A atividade dos mercados públicos, se, por um lado, é essencial para a concretização do interesse público subjacente à celebração de cada contrato público, por outro assume grande importância para a sustentabilidade de muitas empresas, cuja atividade, em dimensão variável, está ligada a tais mercados.

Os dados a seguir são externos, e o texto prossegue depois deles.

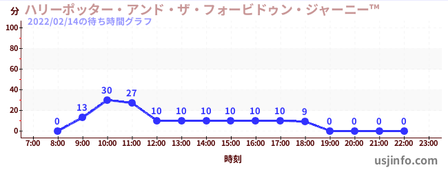• ハリーポッター・アンド・ザ・フォービドゥン・ジャーニー™$B$N(B2022年02月14日の待ち時間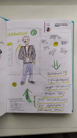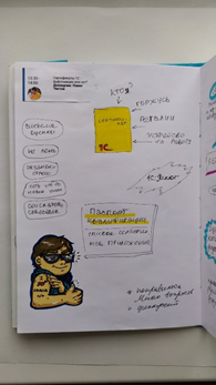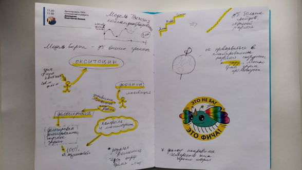 — Я конспектировала доклады прямо во время выступлений спикеров, но не полностью писала содержание - для этого можно скачать презентацию. Я отмечала только те моменты, что мне больше всего понравились, заинтересовали, как-то зацепили. И делала это не сплошным текстом, а схемами, картинками, тезисами - такие визуальные заметки. Так как я делала это именно там, то кроме смысла я смогу вспомнить и свои ощущения и эмоции от доклада.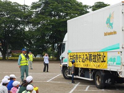 大きなトラックだと、左折時に巻き込まれてしまう可能性があること、トラックの運転席からでは見えない部分があることなど、様々なことを学ぶことができました。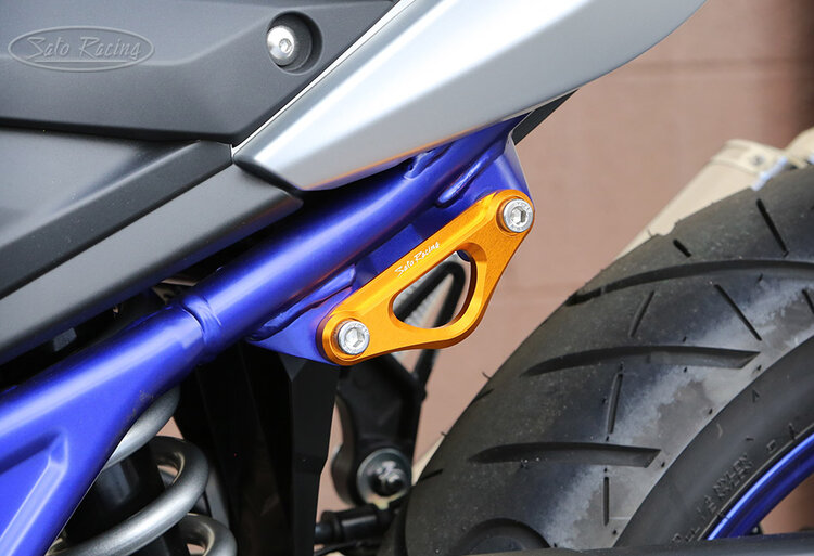 SATO RACING Racing Hook for 2015+ Yamaha YZF-R3 and MT-03 provides a sturdy anchor point in the tail section for attaching a tie-down strap when the L-side passenger peg bracket has been removed. Hook is symmetrical in design, so you could also get a matching R-side hook if you are not using the right side hanger attachment points in the frame, such as if you have an aftermarket shorty-style exhaust. Made of high strength billet aluminum in your choice of Black or Gold anodized finish, with stainless steel bolts.

Consciente da presente situação, o Governo aprovou um regime excecional e temporário no âmbito do aumento dos preços com impacto em contratos públicos, consubstanciado no Decreto-Lei n.º 36/2022, de 20 de maio (DL 36/2022). O âmbito de aplicação deste diploma abrange quer os contratos em execução, quer os contratos a celebrar, quer ainda os procedimentos de formação de contratos públicos iniciados a iniciar. Tendo o DL 36/2022 sido preparado primordialmente para fazer face aos aumentos de preço dos custos das matérias-primas, materiais e mão de obra no campo das empreitadas de obras públicas, o legislador pretendeu também, com as devidas adaptações, aplicar o mesmo aos contratos públicos de aquisição de bens, de aquisição de serviços e aos que, independentemente da natureza jurídica do dono da obra, estejam sujeitos a regras de contratação pública.

Importa, no presente momento económico, assegurar o equilíbrio financeiro dos contratos públicos, pois apenas por esta via os operadores económicos que contratam com a Administração Pública terão condições para garantir o respetivo cumprimento. Para que tal aconteça é necessário estarem reunidas, pelo menos, três condições objetivas: (i) haver dinheiro; (ii) haver procedimentos adequados de reposição do equilíbrio financeiro (de que a revisão de preços é apenas uma das modalidades possíveis), e (iii) haver celeridade na concretização da reposição do equilíbrio financeiro.

Se a iniciativa legislativa subjacente ao DL 36/2022 é louvável, é essencial operacionalizar o que falta para que a finalidade deste diploma seja exequível em tempo útil relativamente ao leque de contratos que o mesmo abrange e, a este respeito, designadamente no que se refere aos contratos públicos de prestação de serviços é ainda necessária uma intervenção do Governo para que tal efeito seja atingido. Existem hoje centenas de empresas em dificuldades, designadamente de tesouraria, que necessitam de ver assegurado com urgência o equilíbrio financeiro dos seus contratos públicos, pelo que é imperioso que sejam implementadas as condições e os mecanismos que permitam concretizar esse equilíbrio.

Com efeito, importa ter presente que atualmente a contratação pública nos diversos sectores de atividade económica (obras, saúde, ambiente, transportes, entre outros) está marcada por contratos financeiramente muito apertados para os operadores económicos, em resultado do mecanismo do preço-base e do efeito da concorrência, não deixando, na generalidade dos casos, margem para acomodar os efeitos financeiros decorrente do período que estamos a atravessar. Se o DL 36/2022 vem permitir, nos procedimentos em curso, a adjudicação acima do preço-base, este mecanismo não funciona nos contratos já em curso, aos quais cabe, pois, atender de forma prioritária.